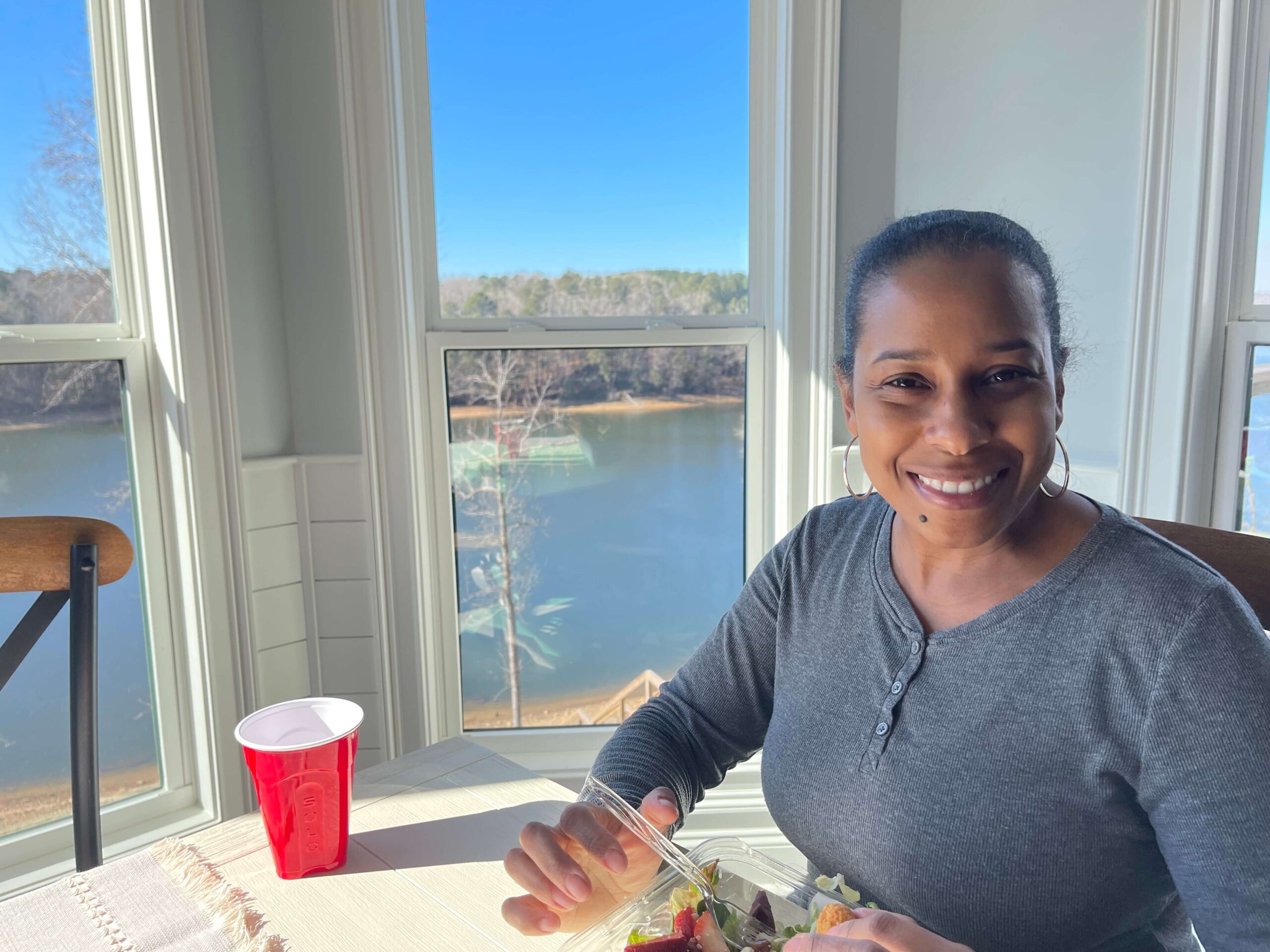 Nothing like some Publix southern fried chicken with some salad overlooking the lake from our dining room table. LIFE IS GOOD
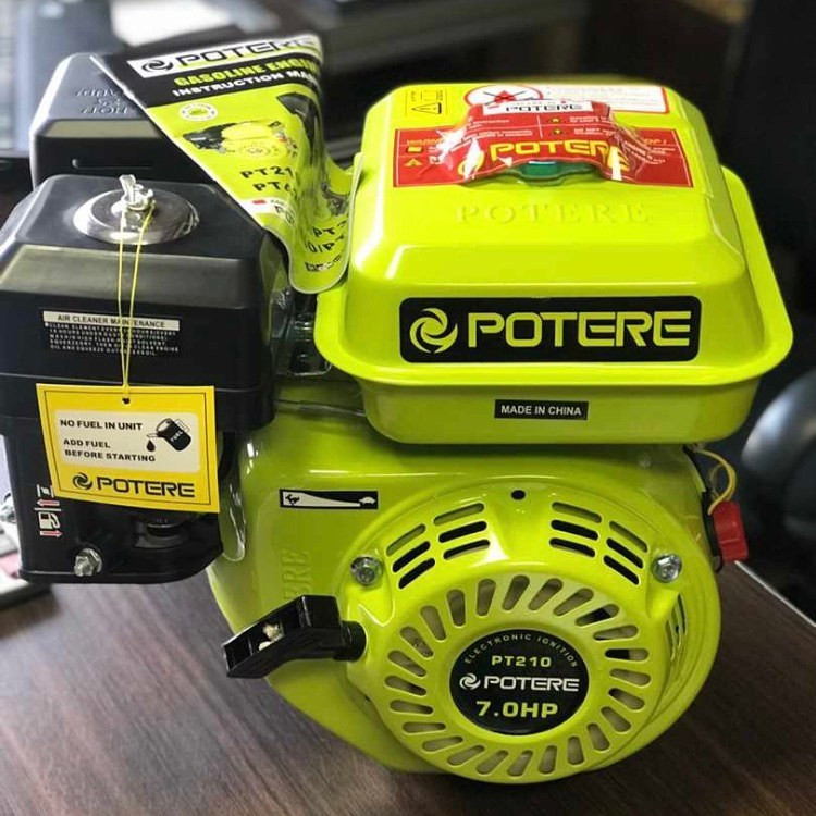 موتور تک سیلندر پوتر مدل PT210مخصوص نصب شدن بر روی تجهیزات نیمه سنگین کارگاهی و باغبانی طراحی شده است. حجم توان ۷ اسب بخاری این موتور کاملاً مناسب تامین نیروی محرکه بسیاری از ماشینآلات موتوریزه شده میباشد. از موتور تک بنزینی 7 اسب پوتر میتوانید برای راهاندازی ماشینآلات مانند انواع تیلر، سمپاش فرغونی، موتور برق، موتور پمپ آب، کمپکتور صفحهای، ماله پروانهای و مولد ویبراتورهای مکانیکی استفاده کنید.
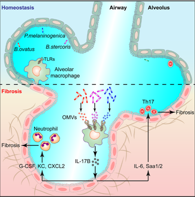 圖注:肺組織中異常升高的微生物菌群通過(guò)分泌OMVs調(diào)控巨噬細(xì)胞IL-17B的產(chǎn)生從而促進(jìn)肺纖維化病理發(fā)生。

• **How to complete this task**: Retype the data above exactly, dropping every picture.

• **Output**:
 Nothing like some Publix southern fried chicken with some salad overlooking the lake from our dining room table. LIFE IS GOOD
 موتور تک سیلندر پوتر مدل PT210مخصوص نصب شدن بر روی تجهیزات نیمه سنگین کارگاهی و باغبانی طراحی شده است. حجم توان ۷ اسب بخاری این موتور کاملاً مناسب تامین نیروی محرکه بسیاری از ماشینآلات موتوریزه شده میباشد. از موتور تک بنزینی 7 اسب پوتر میتوانید برای راهاندازی ماشینآلات مانند انواع تیلر، سمپاش فرغونی، موتور برق، موتور پمپ آب، کمپکتور صفحهای، ماله پروانهای و مولد ویبراتورهای مکانیکی استفاده کنید.
 圖注:肺組織中異常升高的微生物菌群通過(guò)分泌OMVs調(diào)控巨噬細(xì)胞IL-17B的產(chǎn)生從而促進(jìn)肺纖維化病理發(fā)生。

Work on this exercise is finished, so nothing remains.